Walk 10  travels backwards and forwards through four thousand years linking fragments of  these  lost roads and ancient hidden highways.


© EVE HIGGS

January 2018


References

Devon Heritage Services, QS/113A/193/1  Thorncombe (now in Dorset). Stopping up roads from Hursey's Cottage and Carpenters Shop on Lyme Regis road to Green Close Gate and then on to Sadborow Pound on Broadwinsor Road. Owner: John Bragge. Plan, order certificate and receipt. (Aug 1798).

Ordnance Survey, First Series, Sheet 18 (1811) on-line at http://www.visionofbritain.org.uk/maps/sheet/first_edition/lm_18 (accessed 27.12.2017)

British Library, Ordnance Survey Drawing OSD54  Beaminster (1806) on-line at http://www.bl.uk/onlinegallery/onlineex/ordsurvdraw/b/002osd000000007u00039000.html ( accessed 27.12.2017)

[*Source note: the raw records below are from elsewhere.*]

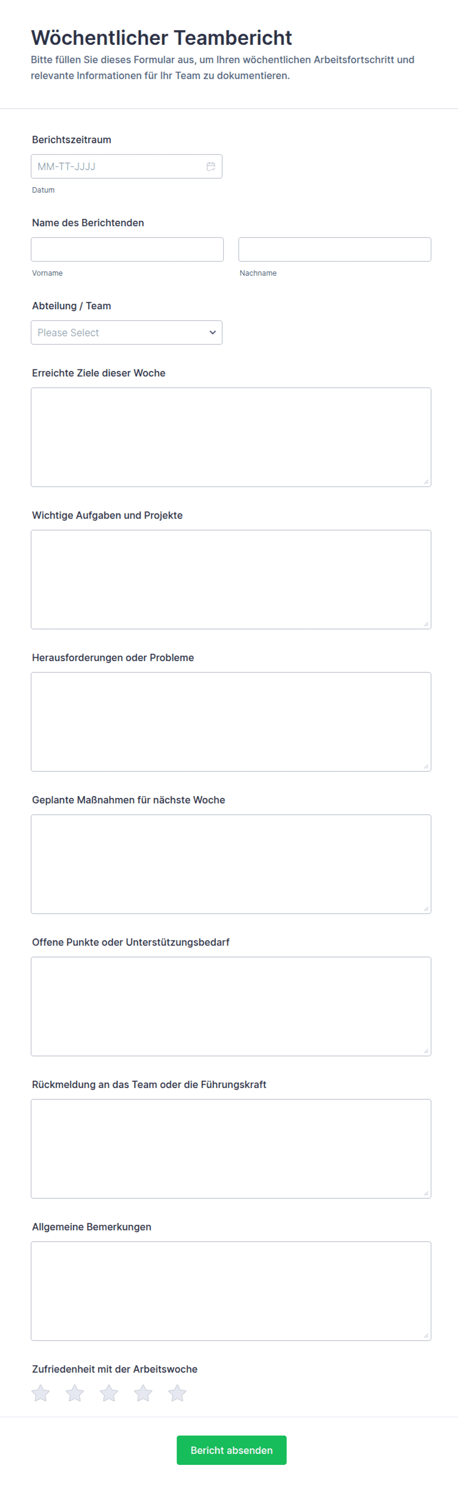 Je nach Anwendungsfall können Berichtsvorlagen Felder für Daten, Namen, Beschreibungen, Metriken, Anhänge, Signaturen sowie visuelle Elemente wie Diagramme oder Tabellen enthalten.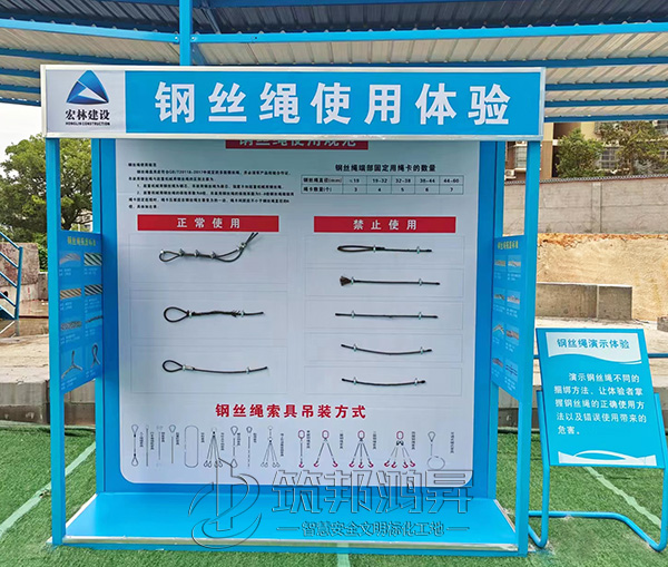 此次合作的工地安全體驗館建設(shè)包括了鋼絲繩使用體驗、綜合用電演示體驗、滅火器演示體驗、平衡木體驗、安全防護用品展示體驗、安全帽撞擊體驗等。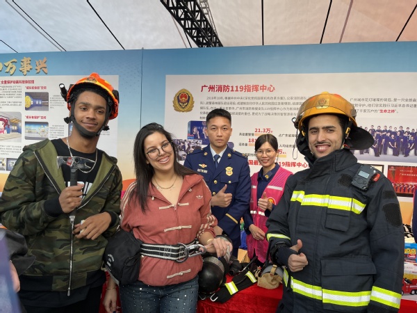 Additionally, they visited the booth of the Guangzhou Fire Department's 119 Command Center to learn about fire safety knowledge. Under the guidance of firefighters, they tried out backpack-type spray fire extinguishers and wore fire rescue suits.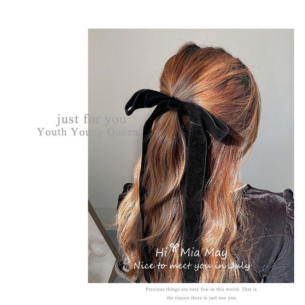 YINKE ベロア リボン ベロアリボン 黒 生地 ヘアアクセサリ 髪飾り おしゃれ 髪に優しい シンプル 静電気防止 上品 大人可愛い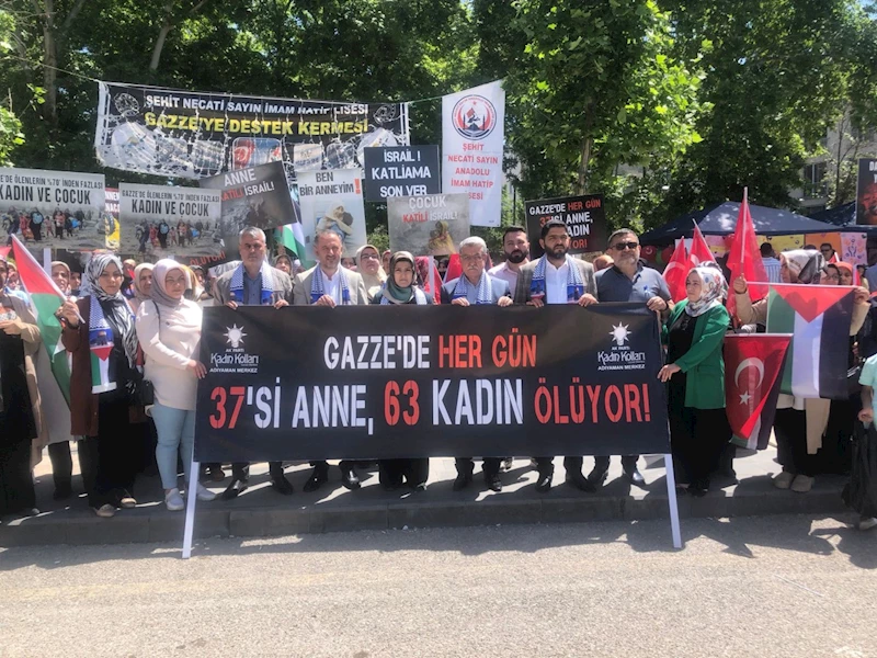 Toplanan kadınlar adına açıklamada bulunan AK Parti Adıyaman İl Kadın Kolları Başkanı Saliha Diler,"Pazar günü anneler günü. Günlerdir her yerde tatlı bir telaş yaşanıyor. Anneler günü, öksüzlerin ve evladını kaybeden annelerin de ağır imtihanı… fakat bir yandan da dünyanın orta yerinde, yanı başımızda Filistin’de, Gazze’de, Refah’ta yaşanan soykırım nedeniyle anne olmak hiç bu kadar zor olmamıştı. Biz bugün okuldan gelecek çocuklarımızı, Gazzeli anneler ise çocuklarına verecek bir lokma ekmeği bekliyor. Bizler karışmasın diye çocuklarımızın defterlerine, kitaplarına isim yazarken, Gazzeli anneler ise cesetleri teşhis edilebilsin diye çocuklarının kollarına isim yazıyor. Bir kadın, bir anne olarak çok net ifade ediyorum: her can tek, her can biricik ve “bir cana kıyan tüm insanlığa kıymış gibidir”. Filistin Sağlık Bakanlığının 5 Mayıs’ta yaptığı açıklamaya göre; İsrail'in 7 Ekim'den bu yana Gazze Şeridi'ne düzenlediği saldırılarda 34 bin 683 kişi öldü, 78 bin 18 kişi yaralandı. Birleşmiş milletler kadın biriminin raporuna göre Gazze’de 9 bin kadın öldü. Günde ortalama 63 kadın hâlâ ölüyor ve bunların 37’si ise anne. Kayıp ve akıbeti bilinmeyen kadınların sayısı 2 bin 100, peki ya sağ kalan ve yaşam savaşını sürdürmeye, çocukları için hayata tutunmaya çalışan kadınlar, anneler, Filistin’de sağlık sisteminin çökmesi nedeniyle yaklaşık 60 bin hamile kadın risk altında. her gün 180 anne ölümle burun buruna doğum yapıyor. Ne diyordu Gazzeli anne? “ben 6 çocuk doğurmakla yükümlüyüm. çünkü 2’sini İsrail öldürecek, 2’si eve ekmek getirmek için çalışacak, 2’si de okusun ki ülke için işe yarasın.” Ya anne olduğunu göremeden, karnında bebeği ile ölen kadınlar, ölen annesinin bedeninden ameliyatla alınan bebekler. Zor şartlar, ölümle burun buruna yaşamak ve yetersiz beslenme nedeniyle erken doğum yapan, sütü kesilen anneler. Gazze’deki her 5 kadından 4’ü, aile bireylerinden en az birinin üst üste iki öğün yiyemediğini ifade ediyor. Çocuklar, annelerinin gözü önünde eriyor. Cumhurbaşkanımız Recep Tayyip Erdoğan’ın birleşmiş milletler ve pek çok uluslararası platformda haykırdığı gibi “savaşın da bir ahlakı, hukuku vardır. Sivillerin hedef alındığı saldırıyı haklı gösterecek tek bir neden dahi olamaz.”dedi.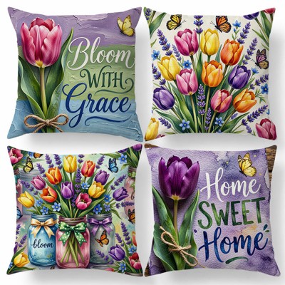 Lomsoe 4pcs Multicolored Tulip Pattern Printed Pillow Cover, Suitable for Spring, Mother's Day, Party, Living Space, 18x18inch.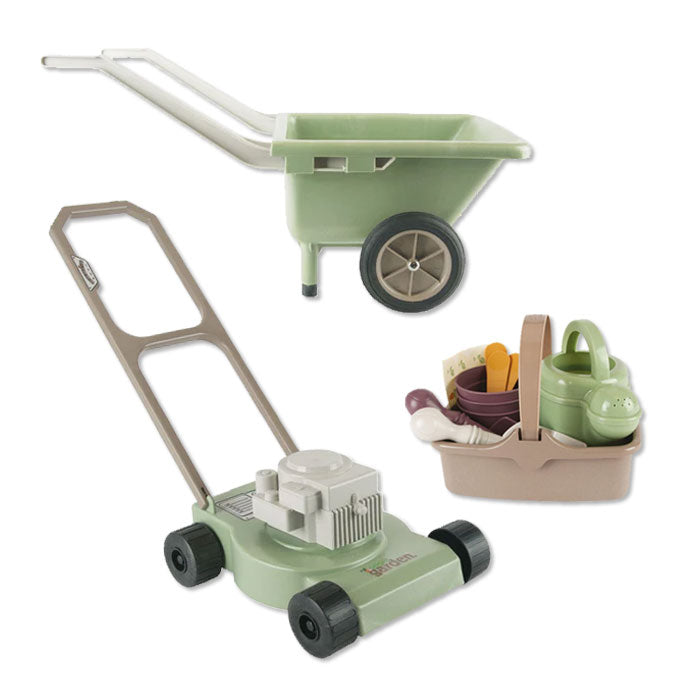 Wheelbarrow: A robust wheelbarrow with rubber-coated wheels for quiet play and optimal grip on grass, gravel, or pavement. Ergonomic handles support balance and coordination, and it’s designed to hold up to 50 kg.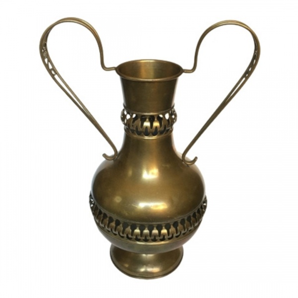 • MARCHETTI / PRATA 90 - Antigo e belo vaso em metal dourado e finestrado com belos detahes e alças trabalhadas.Bojo com pequene mossa. Dimensões: 36 cm x 27 cm x 15 cm.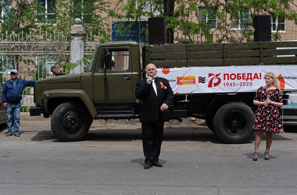Астраханские артисты на стилизованном грузовике, который стал одним из символов военного времени, сегодня начали объезжать дома, где живут участники Великой Отечественной войны и выступать с концертами в их дворах.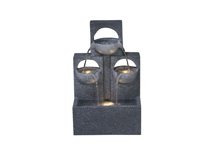 Vattenspel i stenimitation, tillverkad i glasfiber och natursten. Levereras komplett, med ledlampor och pump. Mycket enkel inkoppling. Slang och lampor är fördraget. Bör förvaras frostfritt under vintertid. Produktstorlek: 32x20x50 cm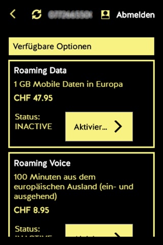 You can also check the status of your option usage. The included services used for all activated options will also be displayed.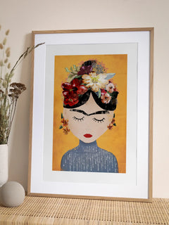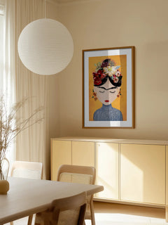 Diese Illustration zeigt eine Frau mit geschlossenen Augen, die einen prächtigen Blumenkranz auf dem Kopf trägt. Der Hintergrund ist in einem lebendigen Gelb gehalten, das die leuchtenden Farben der Blumen hervorhebt. Die Kombination aus kräftigen Rottönen, zarten Rosa- und Weißtönen sowie grünen Blättern verleiht dem Bild eine fröhliche und künstlerische Ausstrahlung. Perfekt, um jedem Raum einen lebendigen und kreativen Touch zu verleihen.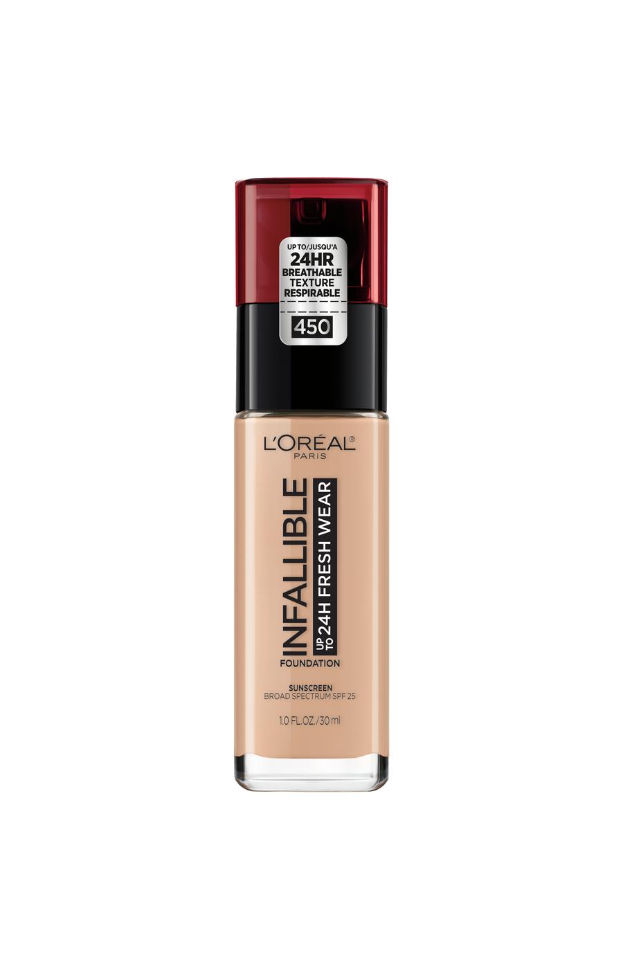 Enjoy a fresh and flawless look with the L'Oréal Paris Infallible Fresh Wear Foundation in shade 450 Rose Beige. This liquid foundation provides long-lasting, reliable coverage with a lightweight formula that is comfortable enough for all-day wear. The breathable texture blends seamlessly into the skin, helping to create an even and perfected complexion with a natural finish.• Up to 24-hour wear that resists transfer and sweat.• Formulated with Broad Spectrum SPF 25.• Offers medium, buildable coverage for a customized look.

 Ordnance Survey,  OS County Series DORSET  1:2,500 (1889) https://www.old-maps.co.uk/#/Map/338194/101223/12/100145 (accessed 27.12.2017)

 Higgs, Eve,  A Brief Overview of Thorncombe's History Covering the Period from the 11th Century to the Present day (2011) on-line at  http://www.thorncombe-village-trust.co.uk/page22.html  (accessed 27.12.2017)

K.J. Bonser, The Drovers. Who They Were and How They Went: An Epic of the English Countryside (Newton Abbot: Country Book Club, 1972), 17-20.

 Dorset History Centre D-MHM/8446A Thorncombe Presentments. ...  22 Oct 1724.

Henson, Mrs E.J., Dorset Garden Gazette, 1951 quoted in Joint Parish Magazine,  Winsham, Thorncombe, Cricket St Thomas, March 1983, 8.  

W. Addison, English Fairs and Markets (London:Batsford, 1953), 61.

 G.B. Grundy, 'The Ancient Highways  of Dorset, Somerset and South-West England', The Archaeological Journal, 94 (1934) , 258, 279.